Mom to Tony 13, Gavin 9, and Donovan 7
Surgery 1/07/2009:
1. L3-4 decompression laminectomy and foraminotomy
2. Left complete L3-4 discectomy with decompression of L4 root.
3. Posterior lumbar interbody fusion, L3-4 with 10-mm Capstone cage and autograph.
4. Posterior spinal fusion L3-L5 with iliac bone graph and BMP
5. Legacy instrumentation, L3 to L5

Also still in PT 2land 1 aqua every week and also use a TENS unit.


  • its understandable you are angry. part of the healing process is getting over the anger. not easy. youre on a good start by talking to others here who have suffered.
    try to get it out of your system. time usually helps.
    think about what you have. two of those things are family and hope that you will improve. youve found friends here who will help. youll see..... a woman who joined 3 weeks ago was so angry. now i feel shes more relaxed. i know i'll be rooting for you to move along on this crazy road called life
    thinking of you.......pete
  • Cyndi,

    Boy, can I relate. Anger is an issue I struggle with daily. It's hard to "get over it" when someone else is responsible for your loss of function. What I've learned is that there is no acceptance when we stay in that anger phase.

    You can still be, and I'm sure still are, a wonderful mother to your kids. Children are resiliant creatures and more understanding than you may think. Although it's more difficult and involves help from others you can still give them all those moments in life they deserve....and be there with them while they experience them. Just because you aren't riding the rides at Disney doesn't mean that you can't watch them from the bench, right?

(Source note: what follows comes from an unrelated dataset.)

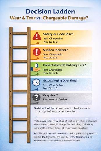 The Visual Decision Ladder graphic is a step-by-step checklist you can use the moment you spot an issue during a move-out inspection.
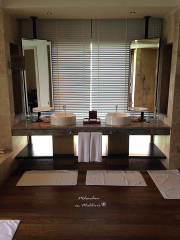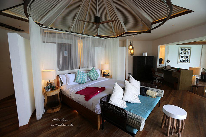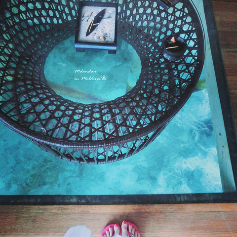 之前一直向往的是W岛,特别喜欢W岛房间里可以看到大海的玻璃,哈哈JV也有,虽然不是圆的,但这个感觉也超棒,个人觉得水屋比沙屋更美丽

    I've found that a therapist has been a great help to me in finding some balance in life and some meaning after my accident. Anger is a form of depression and needs to be addressed before it eats you up, just the way depression would.

    You know that we're always here for you on Spine-Health as well. You never have to apologize for any emotion that you have here. Talking and venting helps no matter what the arena.

    I wish I could be of more comfort. Hang in there,
  • Anger is part of the pain cycle and over time we learn to manage it more effectively by giving attention to the negative aspect of what you cannot do naturally makes us all feel inadequate, this is a condition not of our choosing and nobody here would go with it, for a day longer than they need.

    To some extent getting it out is better than internalising and becoming more depressed as a consequence, although we are all progressing, some are walking backwards looking longingly and regretfully at the person we used to be and to some extent hard on ourselves for not being able to be that person or do the same things.

    It maybe a right of passage and nobody will go through this journey without being tainted by anger and frustration, how invasive its impact will be may need profession support guidance and encouragement, sad is making the impact of your anger as a lifestyle and although we all compare and contrast when CP develops we do more of that. Have you asked them what they think and understand, my 3 teenagers have lived through all my angry phases and I as you, have learned to manage it better and not make them more concerned than need be.

    Your time is the greatest of gifts and some of the children I meet are devoid of that time and contact, materialistic things are no substitute for seeing and encouraging things that are important to them. As you I have an increasing list of things I have not been capable of doing and will be unable to do, I am more than that, I have that same rage and angst for the past two decades and the only difference is that I have been helped to manage and keep it defined is a separate box, the person I used to be.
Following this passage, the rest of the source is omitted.